Salient object detection via point-to-set metric learning.

We formulate saliency estimation as the problem of point-to-set classification.We learn the point-to-set distance metric to capture the context cues.We present a simple yet effective rough object localization method by using proposals.The proposed algorithm performs favorably against the existing saliency methods. Distance metric is an essential step of salient object detection, in which the pairwise distances are often used to distinguish salient image elements (pixels and regions) from background elements. Instead of using the point-to-point distance metrics which possibly implicitly take into account the context information around data points, we learn the point-to-set metric to explicitly compute the distances of single points to sets of correlated points and cast saliency estimation as the problem of point-to-set classification.

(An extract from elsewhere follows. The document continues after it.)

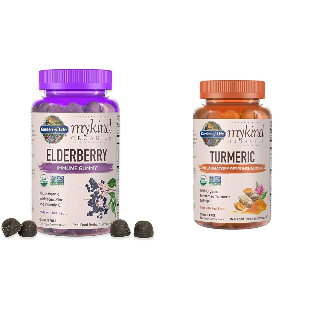 Garden of Life Organics Turmeric Inflammatory Response Gummy - 120 Real Fruit Gummies for Kids Adults, 50Mg Curcumin (95 Curcuminoids), No Added Sugar, Organic, Non-GMO, Vegan Gluten Free Made with Organic Fermented Turmeric Ginger, Garden of Life Organics Turmeric Inflammatory Response Gummy† is made with Certified USDA Organic and Non-GMO Project Verified real fruit—no animal gelatin or refined sugars—just real fruit! Our ingredients are sourced from sustainable organic farms and use an Organic, Non-GMO extraction method without the use of corn alcohol. Garden of Life Organics Elderberry Gummies for Adults Kids - Immune Support Supplement with Organic Fruit, Herbal Blend, Elderberry, Echinacea, Zinc, Vitamin C, 120 Vegan Gluten Free Gummies Even the strongest immune system can succumb periodically to seasonal challenges, this is why an immune support supplement is key for overall health.† We have all heard of elderberry lozenges and elderberry syrup because Elderberries are packed with beneficial nutrients including their high antioxidant power and their large array of flavonoids.† But our Sambucus Elderberry gummies are a little bit different. At Garden of Life, we strive to stay true to clean extraction methods and whole, organic ingredients in our products. This is why we are proud to introduce our Organic Elderberry Immune gummies. These are not just your ordinary adult gummy vitamins children will love these yummy gummies too! Made from only whole, organic fruit and herbs, these expertly formulated immune support vitamins are perfect for those who lean towards clean vegan vitamins or follow a plant based diet. Organic Black Elderberry (Sambucus nigra L.) has been clinically studied for seasonal immunity.† Aronia berry, a powerful plant based antioxidant, is a traditional Native American remedy for colds.† Organic Amla Berry delivers vitamin C and bioflavonoids in a form the body can digest and use.† The Organic Zinc vitamin is derived from Guava leaves and fruit.† We combined these powerhouse ingredients along with traditional herbs such as Organic Echinacea purpurea root and Organic Rosemary, for a powerful 100 plant based Immune Gummy.† Immune support never tasted so good.†Product 2: Nutrients from real foods using gentle water extraction. It is manufactured in a facility that also processes soy, dairy, egg, peanut, tree nuts, fish and shellfish. Product 2: Made with real fruit, no animal gelatin - no artificial dyes or added sweeteners. Product 2: Organic fermented turmeric with 50mg curcumin and ginger root, black pepper fruit and cinnamon. Product 2: Turmeric Inflammatory Response Gummy. Product 1: EXPERTLY CRAFTED HERBAL SUPPLEMENTS - Our Organic Elderberry gummies are expertly formulated with daily whole food immunity vitamins, fruits, veggies and botanicals and no filler or candy ingredients for a naturally sweet taste adults and kids love. Product 1: DELICIOUSLY SIMPLE GUMMIES - No need to sugarcoat when fruit tastes so great. Our yummy vegan gummies are dusted with Organic rice meal sunflower oil and sweetened only with fruit (no sugar or hydrogenated vegetable oils) so you only get what you need. Product 1: WHOLE FOOD NUTRITION - Reap the benefits with Zinc and Vitamin C sourced from real foods whole fruits, roots and leaves. We use an Organic Immune Support Blend of berries, Echinacea, Rosemary and Guava with no synthetic vitamins or artificial ingredients. Product 1: YEAR-ROUND IMMUNITY SUPPORT - Our Elderberry gummy combines antioxidant-rich Organic Black Elderberry extract from the plant Sambucus, with whole food vitamins and minerals, such as Zinc from Organic Guava providing natural year round immune support.

First, we generate a series of bounding box proposals and region proposals for an input image (i.e., some pre-detected regions which possibly include object instances), and exploit them to compute a recall-preference saliency map and a precision-preference one, based on which the background and foreground seed regions are respectively determined. Next, we collect positive and negative samples (include point samples and set samples) to learn the point-to-set distance metric, and employ it to classify the image elements into foreground and background classes. Last, we update the training samples and refine the classification result. The proposed approach is evaluated on three large publicly available datasets with pixel accurate annotations. Extensive experiments clearly demonstrate the superiority of the proposed approach over the state-of-the-art approaches.